Dubai's wealth and the greening of the Emirates
Contemporary Review, July, 1995 by Habeeb Salloum
Dubai is the second leading oil producer of the United Arab Emirates' seven states, but much of its wealth is founded on a free economy which is ever on the increase. Between 1986 and 1993, non-oil trade grew at an annual rate of more than 17 per cent to reach $17.5 billion.
In commerce, Dubai is fast becoming the principal city for business and trade in the oil-rich Gulf region. Almost every world shipping company sails into its huge ultra-modern harbour and more than sixty airlines stop in its international airport - second only to Tokyo in the number of daily transit passengers.
Situated between the East and West, the city has for centuries been a convenient stopping off point for global traders. Ever-increasingly prosperous and politically stable, this dynamic UAE state has a trading image established by being involved in commerce for many years.

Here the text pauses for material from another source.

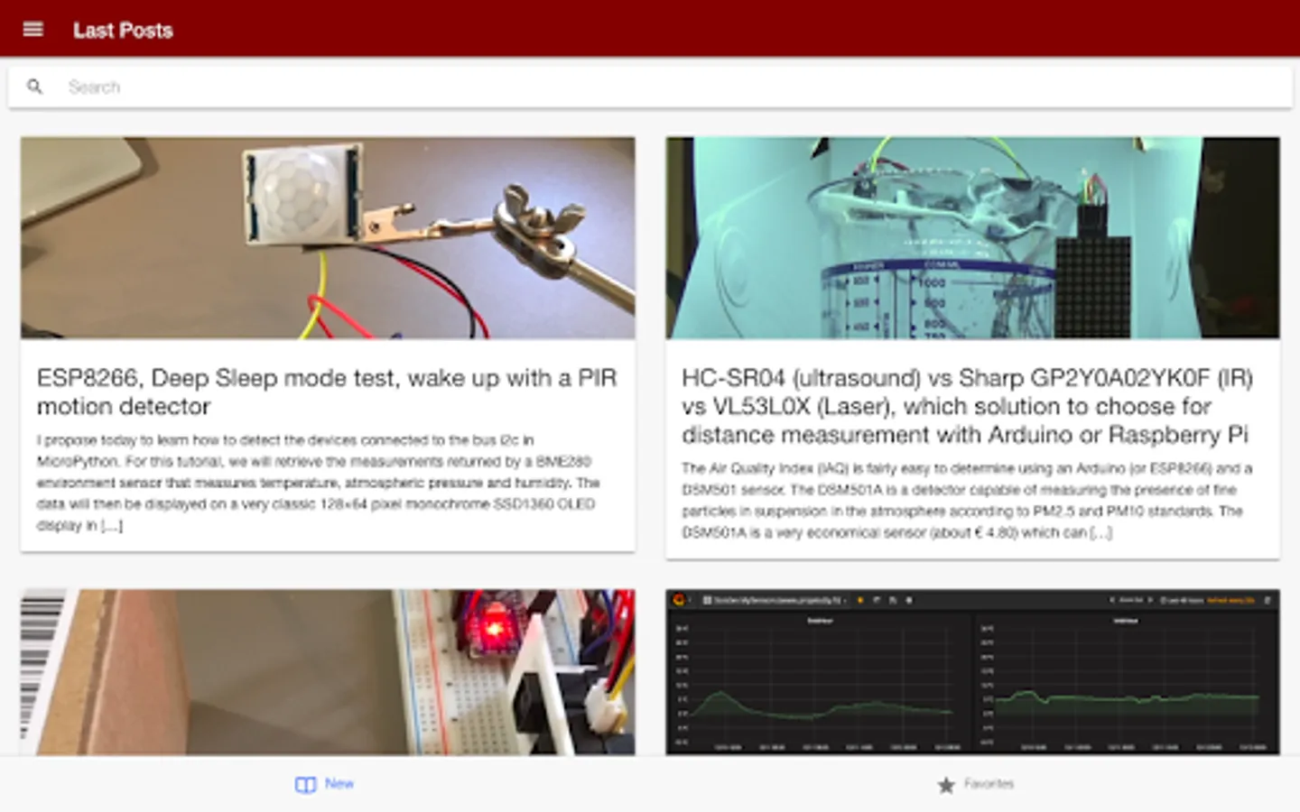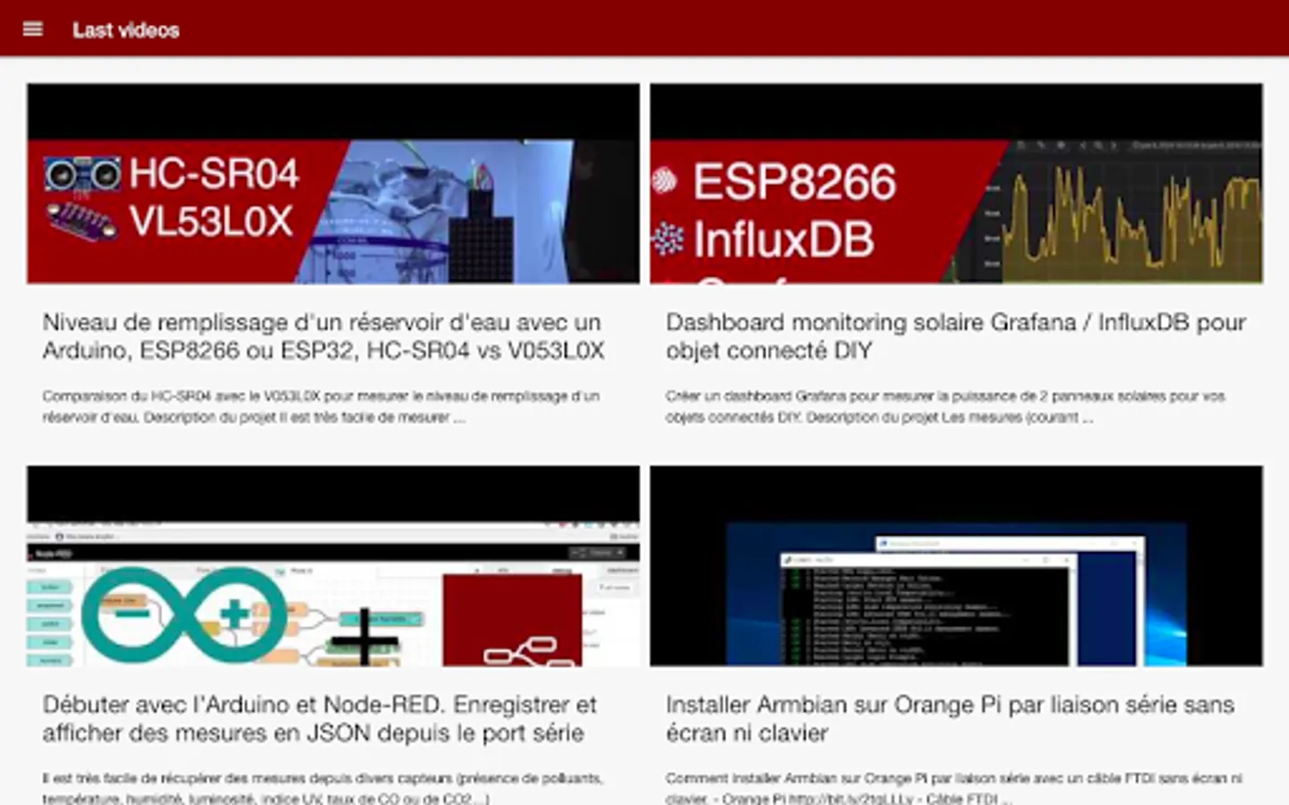 More than 60 categories of articles are available to easily search for a tutorial, a test or a project. News of mini PCs (Raspberry Pi, Orange Pi), micro-controllers and development boards based on ATmega (Arduino), ESP32, ESP8266, framework for the development of DIY connected objects (Blynk, Cayenne, MySensors, ESP Easy , Johnny-five), Arduino / ESP32 and ESP8266 microcontrollers programming (client / server programming, NTP time server, SPIFFS memory, HTML / CSS Web interfaces with Bootstrap ...), home automation equipment (Xiaomi Aqara and Mijia, Sonoff), installation and configuration of a DIY home automation box (Node-RED, Domotic, Jeedom, Home Assistant, Homebridge ...), dashboard and data storage (influxDB, MongoDB), home automation protocols (MQTT, HTTP, Websocket ...), development environment for IOT projects (NodeJS, MicroPython Arduino IDE, PlatformIO), retro gaming, linux and Raspbian tutorials

Since the Medieval Ages, vessels, from the ancient dhows to today's huge merchant ships, have crowded the city's 10 mile long Creek. In the past, goods from the Far East, Indian sub-continent and Africa - a fair amount smuggled - were unloaded and carried by camel caravans to the desert hinterland and beyond.
Today, the pattern of trade has greatly increased and somewhat changed. Besides being an importer, Dubai has now become one of the major re-export centres in the world, serving a market of one billion people, covering the Middle East, the republics of the former Soviet Union, East and South Africa and the countries of the Indian sub-continent. The end of the Cold War has dramatically raised Dubai's contacts with the countries of the former Soviet Union, creating an influx of visitors who spend $1 billion annually in the UAE.
What has set Dubai on the road to progress and affluence is a buoyant and prosperous domestic market and the astuteness and entrepreneurial ethos of its people, developed from their long trading heritage. According to Sultan Ben Sulayem, Chairman of Dubai Port Authority, Dubai traders are shrewd businessmen who have always been able to trade well beyond the geography of the Gulf area.
This inherited ability for commerce by its people is complemented by the far-sightedness of its rulers who, when the modest revenue of oil began to flow in, used the wealth to build an excellent infrastructure for their state.
In addition, the government's enthusiasm in slashing red tape, which plagues businesses in many parts of the world, greatly facilitated the luring in of much foreign investment. Of course, what also helped immensely were that profits and incomes were free from taxation, foreign exchange controls were non-existent and there was a fully convertible currency.
Industrialists and all types of other businessmen wishing to trade, invest or establish factories will find that Dubai has excellent up-to-date telecommunication systems with the outside world. Telephone, telex and fax services are very efficient. There is direct dialling to 203 countries and major international couriers are well represented and offer competitive rates.
Sophisticated facilities of all kinds abound. There are a wide range of skilled labourers and a tolerant social environment in which to work. English ranks at par with Arabic and superb leisure conveniences, like the three golf courses, fine white-sandy beaches, top class accommodation, superb eating places, lively entertainment and spirited nightlife, ensure that investors rarely have difficulty in attracting suitable staffs from all over the world.
For investors, topping all these drawing cards is Jebel Ali, one of the largest free ports in the world. Joined with Port Rashid under the Dubai Port Authority, Jebel Ali's 67 berths, occupying almost 10 miles of quays, along with Rashid's 35 berths, boast excellent handling facilities and a reputation for being the most efficient ports between the Far East and Europe. Built in the 1970's to maintain Dubai's commercial eminence, they handle, yearly, around two million tons of cargo. In container activity, they are among the world's top ten in terms of berths and top 20 in container traffic.
The heart of an expanding commercial world-centre, Jebel Ali, with its largest man-made harbour in the Middle East, has been made very inviting for commerce by the laws enacted to draw in business. Any newly established firm in the Free Zone has 15 years of freedom from taxation and this can be renewed for a further 15 years. In addition, the company can be 100 per cent foreign owned - outside the Zone, 51 per cent local participation is required - and is exempt from foreign duties. There are no taxes, either corporate or personal, and a 100 per cent repatriation of both profits and capital are permitted.
Energy is abundant and inexpensive and there is a high level of administrative support from the Free Zone Authority. Also, to facilitate the flow of goods, there is a fast intercontinental road network connecting the free zones of Oman, Saudi Arabia, Qatar, Bahrain and Kuwait. These investment temptations have already attracted over 750 large companies m expected to rise to 1,200 by the year 2,000 - like Black and Decker, Sony and other well-known firms.